(Material shown begins)

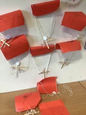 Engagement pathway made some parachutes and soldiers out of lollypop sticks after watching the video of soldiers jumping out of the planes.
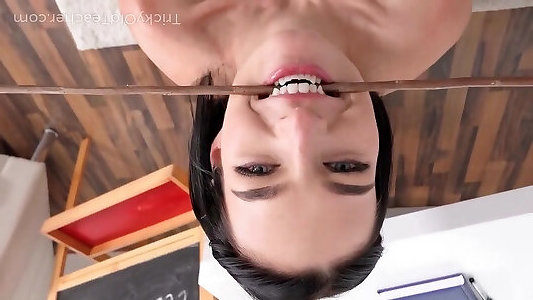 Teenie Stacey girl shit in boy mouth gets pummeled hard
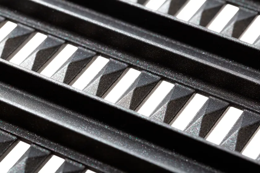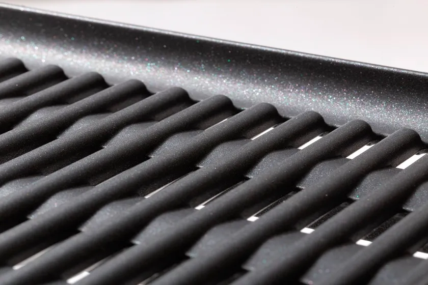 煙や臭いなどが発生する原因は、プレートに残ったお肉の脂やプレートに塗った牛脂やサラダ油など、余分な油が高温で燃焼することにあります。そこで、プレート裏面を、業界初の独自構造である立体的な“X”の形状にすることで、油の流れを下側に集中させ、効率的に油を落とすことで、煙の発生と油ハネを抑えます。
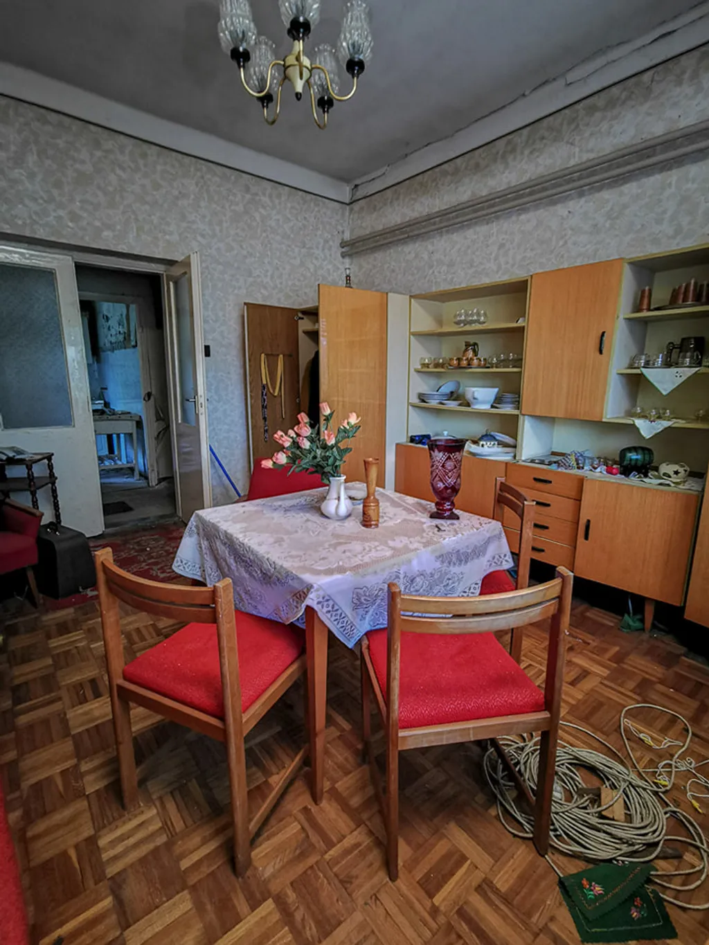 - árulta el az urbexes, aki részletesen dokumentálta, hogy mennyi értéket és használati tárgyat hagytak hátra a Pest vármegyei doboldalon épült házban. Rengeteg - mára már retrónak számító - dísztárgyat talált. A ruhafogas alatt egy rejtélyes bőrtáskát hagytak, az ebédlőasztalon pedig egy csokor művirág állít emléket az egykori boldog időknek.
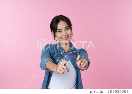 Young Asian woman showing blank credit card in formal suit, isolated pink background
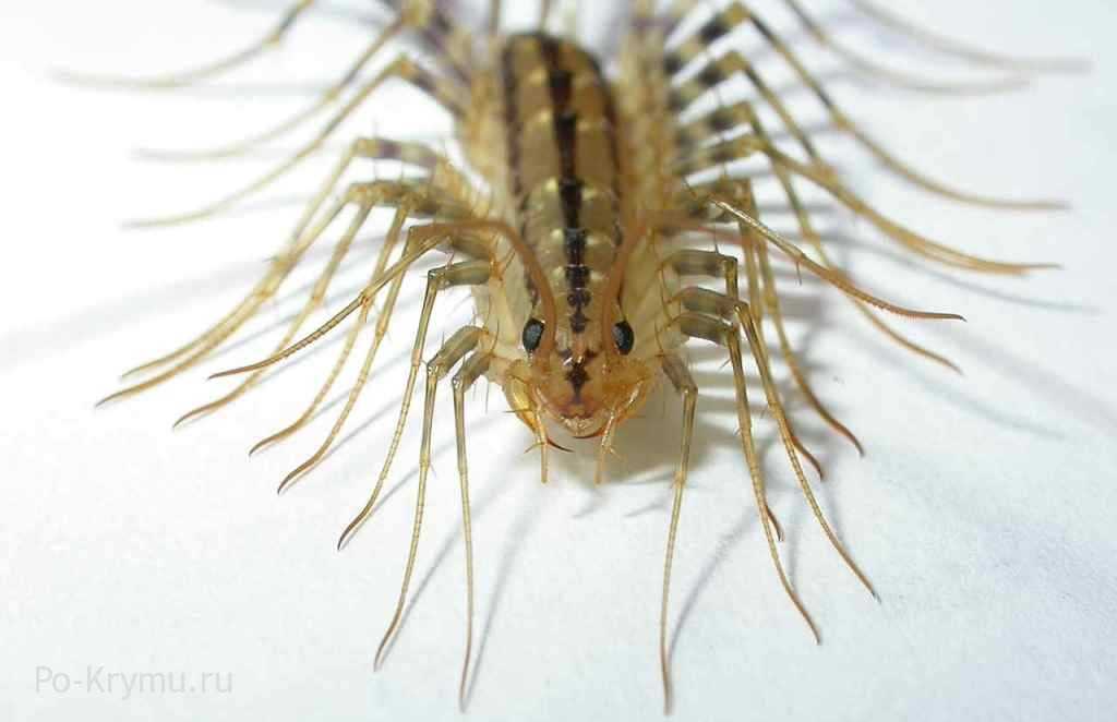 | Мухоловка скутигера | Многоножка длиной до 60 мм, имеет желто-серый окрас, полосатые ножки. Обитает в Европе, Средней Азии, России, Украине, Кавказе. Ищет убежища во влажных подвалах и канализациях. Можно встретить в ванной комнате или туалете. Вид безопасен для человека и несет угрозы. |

(Material shown ends)

Nothing in the entries above should change when they are printed again, except that the pictures are dropped.

- _Your solution_
 Engagement pathway made some parachutes and soldiers out of lollypop sticks after watching the video of soldiers jumping out of the planes.
 Teenie Stacey girl shit in boy mouth gets pummeled hard
 煙や臭いなどが発生する原因は、プレートに残ったお肉の脂やプレートに塗った牛脂やサラダ油など、余分な油が高温で燃焼することにあります。そこで、プレート裏面を、業界初の独自構造である立体的な“X”の形状にすることで、油の流れを下側に集中させ、効率的に油を落とすことで、煙の発生と油ハネを抑えます。
 - árulta el az urbexes, aki részletesen dokumentálta, hogy mennyi értéket és használati tárgyat hagytak hátra a Pest vármegyei doboldalon épült házban. Rengeteg - mára már retrónak számító - dísztárgyat talált. A ruhafogas alatt egy rejtélyes bőrtáskát hagytak, az ebédlőasztalon pedig egy csokor művirág állít emléket az egykori boldog időknek.
 Young Asian woman showing blank credit card in formal suit, isolated pink background
 | Мухоловка скутигера | Многоножка длиной до 60 мм, имеет желто-серый окрас, полосатые ножки. Обитает в Европе, Средней Азии, России, Украине, Кавказе. Ищет убежища во влажных подвалах и канализациях. Можно встретить в ванной комнате или туалете. Вид безопасен для человека и несет угрозы. |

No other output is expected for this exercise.